*** Opening of MATERIAL FOR THE TASK ***

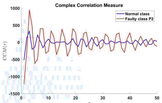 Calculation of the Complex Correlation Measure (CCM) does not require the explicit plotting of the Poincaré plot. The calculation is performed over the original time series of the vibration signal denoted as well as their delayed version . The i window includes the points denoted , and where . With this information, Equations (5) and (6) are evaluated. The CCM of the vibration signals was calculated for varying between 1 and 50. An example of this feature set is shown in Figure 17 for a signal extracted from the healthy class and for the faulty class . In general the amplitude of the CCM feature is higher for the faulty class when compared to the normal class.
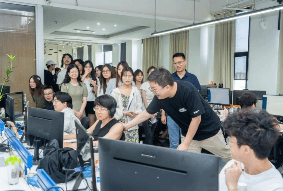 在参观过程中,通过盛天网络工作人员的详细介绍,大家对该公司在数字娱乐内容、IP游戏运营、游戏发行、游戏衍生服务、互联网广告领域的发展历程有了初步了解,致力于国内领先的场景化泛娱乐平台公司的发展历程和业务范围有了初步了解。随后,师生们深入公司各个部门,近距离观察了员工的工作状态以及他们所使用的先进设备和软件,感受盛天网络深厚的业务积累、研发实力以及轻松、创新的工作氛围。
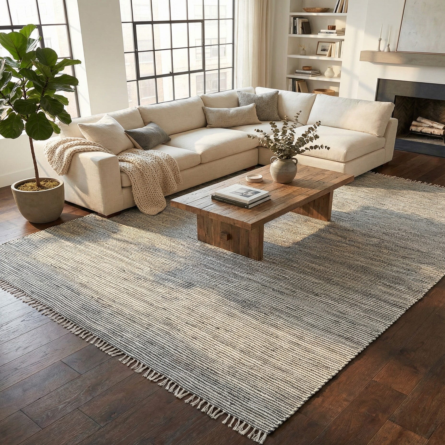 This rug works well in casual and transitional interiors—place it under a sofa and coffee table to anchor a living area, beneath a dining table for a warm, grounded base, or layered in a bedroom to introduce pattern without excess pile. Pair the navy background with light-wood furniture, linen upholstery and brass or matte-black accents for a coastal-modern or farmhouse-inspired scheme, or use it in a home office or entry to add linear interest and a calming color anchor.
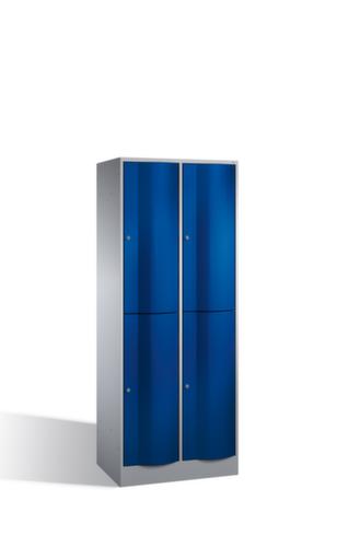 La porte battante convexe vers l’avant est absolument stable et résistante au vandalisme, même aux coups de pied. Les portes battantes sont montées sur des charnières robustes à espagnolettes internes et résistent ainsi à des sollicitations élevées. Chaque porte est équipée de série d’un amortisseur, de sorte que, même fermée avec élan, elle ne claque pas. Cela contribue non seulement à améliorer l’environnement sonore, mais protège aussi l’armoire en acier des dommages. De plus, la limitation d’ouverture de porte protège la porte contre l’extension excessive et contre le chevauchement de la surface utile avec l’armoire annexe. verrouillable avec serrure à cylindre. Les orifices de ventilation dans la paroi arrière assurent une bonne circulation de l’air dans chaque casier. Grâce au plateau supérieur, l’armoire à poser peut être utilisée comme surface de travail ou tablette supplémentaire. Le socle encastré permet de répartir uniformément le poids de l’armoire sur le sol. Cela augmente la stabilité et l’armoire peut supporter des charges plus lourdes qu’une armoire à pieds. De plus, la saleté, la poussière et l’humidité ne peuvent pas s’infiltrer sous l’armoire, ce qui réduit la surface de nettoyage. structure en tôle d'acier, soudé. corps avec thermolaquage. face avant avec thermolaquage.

*** Close of MATERIAL FOR THE TASK ***
*** Opening of MATERIAL FOR THE TASK ***

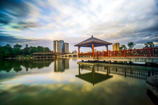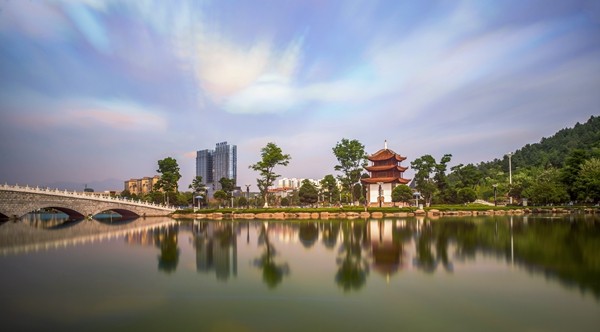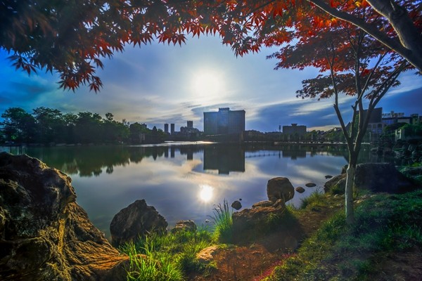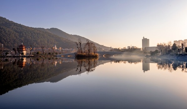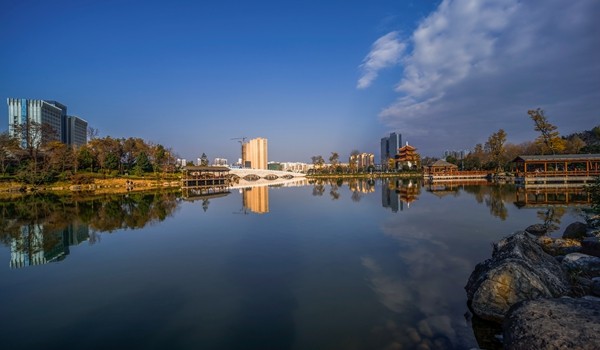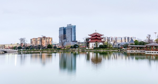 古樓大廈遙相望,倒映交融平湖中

*** Close of MATERIAL FOR THE TASK ***

§ TASK GOAL: The response must repeat exactly the lines above from the one with "Calculation of the" through the one with "This rug works", including both, and must contain no pictures and no other text.

§ EXPECTED OUTPUT:
 Calculation of the Complex Correlation Measure (CCM) does not require the explicit plotting of the Poincaré plot. The calculation is performed over the original time series of the vibration signal denoted as well as their delayed version . The i window includes the points denoted , and where . With this information, Equations (5) and (6) are evaluated. The CCM of the vibration signals was calculated for varying between 1 and 50. An example of this feature set is shown in Figure 17 for a signal extracted from the healthy class and for the faulty class . In general the amplitude of the CCM feature is higher for the faulty class when compared to the normal class.
 在参观过程中,通过盛天网络工作人员的详细介绍,大家对该公司在数字娱乐内容、IP游戏运营、游戏发行、游戏衍生服务、互联网广告领域的发展历程有了初步了解,致力于国内领先的场景化泛娱乐平台公司的发展历程和业务范围有了初步了解。随后,师生们深入公司各个部门,近距离观察了员工的工作状态以及他们所使用的先进设备和软件,感受盛天网络深厚的业务积累、研发实力以及轻松、创新的工作氛围。
 This rug works well in casual and transitional interiors—place it under a sofa and coffee table to anchor a living area, beneath a dining table for a warm, grounded base, or layered in a bedroom to introduce pattern without excess pile. Pair the navy background with light-wood furniture, linen upholstery and brass or matte-black accents for a coastal-modern or farmhouse-inspired scheme, or use it in a home office or entry to add linear interest and a calming color anchor.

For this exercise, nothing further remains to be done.